Crash Fabian Cancellara during 2013 Paris-Roubaix reconnaissance - YouTube


----------



## il sogno

It is truly Fabian's race to lose. 

It would be great to see Chavanel win it.


----------



## burgrat

shoegazer said:


> Ouch!
> Crash Fabian Cancellara during 2013 Paris-Roubaix reconnaissance - YouTube


That looked like it could have easily broken his collarbone. I'm glad he's ok. Can't wait til Sunday!


----------



## Fireform

Not obvious what caused that. Ouch.


----------



## RRRoubaix

il sogno said:


> It is truly Fabian's race to lose.
> 
> It would be great to see Chavanel win it.


Oh man- that would be fantastic!
Loves me some Chava.
I heard today Thor was hoping to do well... I was thinking "who are you again?" :lol:


----------



## Dan Gerous

A bruised up but very fit and strong Fabu can still beat all the other guys who haven't crashed but don't have the legs. Thor, Pippo, Flecha, Boom...

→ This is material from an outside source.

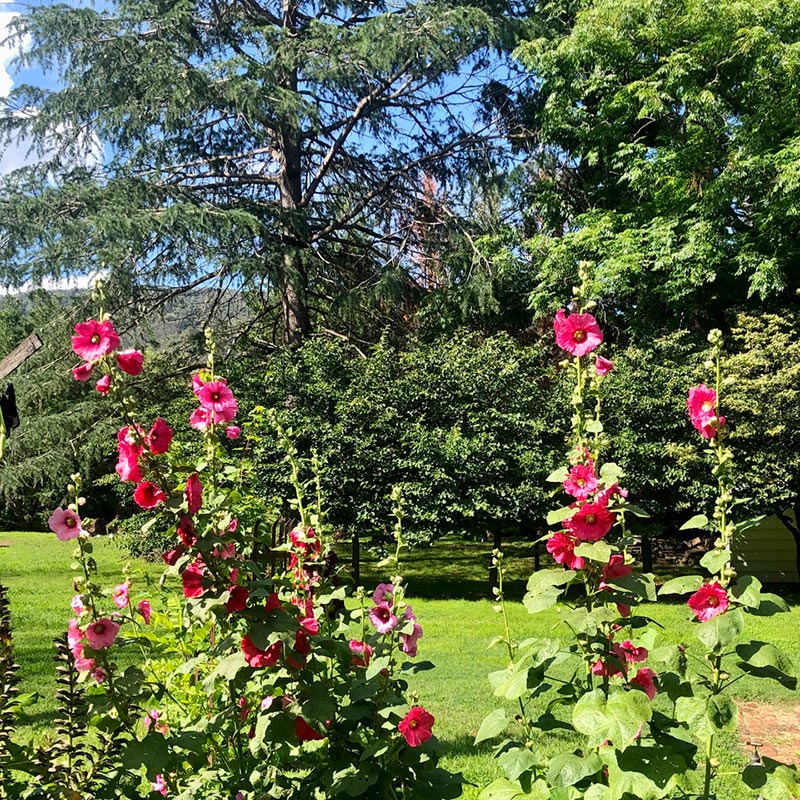 I like trees. I think in another life I was an Edwardian tree-hugger. Hopefully a wealthy, privileged, landed and wearing-of-tweed one, but a tree- hugger nonetheless. So, the garden is largely one of trees, with one significant garden bed – populated in summer predominantly by Hollyhocks (Alcea) and foxgloves (Digitalis). In the Long Bed I am not one for colour schemes, preferring a jolly good sprinkling of self-sowns. Self-sown flowers are a bit like self-made people, in the end you reap a vigorous mixed bunch that do not always play well together in the sandbox – their fission however, is most stimulating.

Chavanel is not as strong as Fabian, but he's in better shape than most. He also has Terpstra and a team that knows how to work the classics.

Thor Who? If BMC is to get a podium, I'd look at Phinney or Oss more than Thor... Van Avermaet has not been too bad lately, but not impressive either. But Thor showed a very tiny glimpse of form by winning a small race early this year, he seemed on the right track at Tirreno-Adriatico but he seems to be back nowhere.

Cannondale wont be a factor. Sagan was never supposed to race Roubaix this year if I remember, it's been planned for a long time to do all the classics until De Ronde, then a break for the Ardennes...

Garmin? Mehhh...

Sky? As much as they're dominant in stage races, they always end up as deceptions in classics. Eddie Boss never seems to take that step everyone was expecting him to. Ian Stannard could be good though, he's a big strong guy and has good legs this spring.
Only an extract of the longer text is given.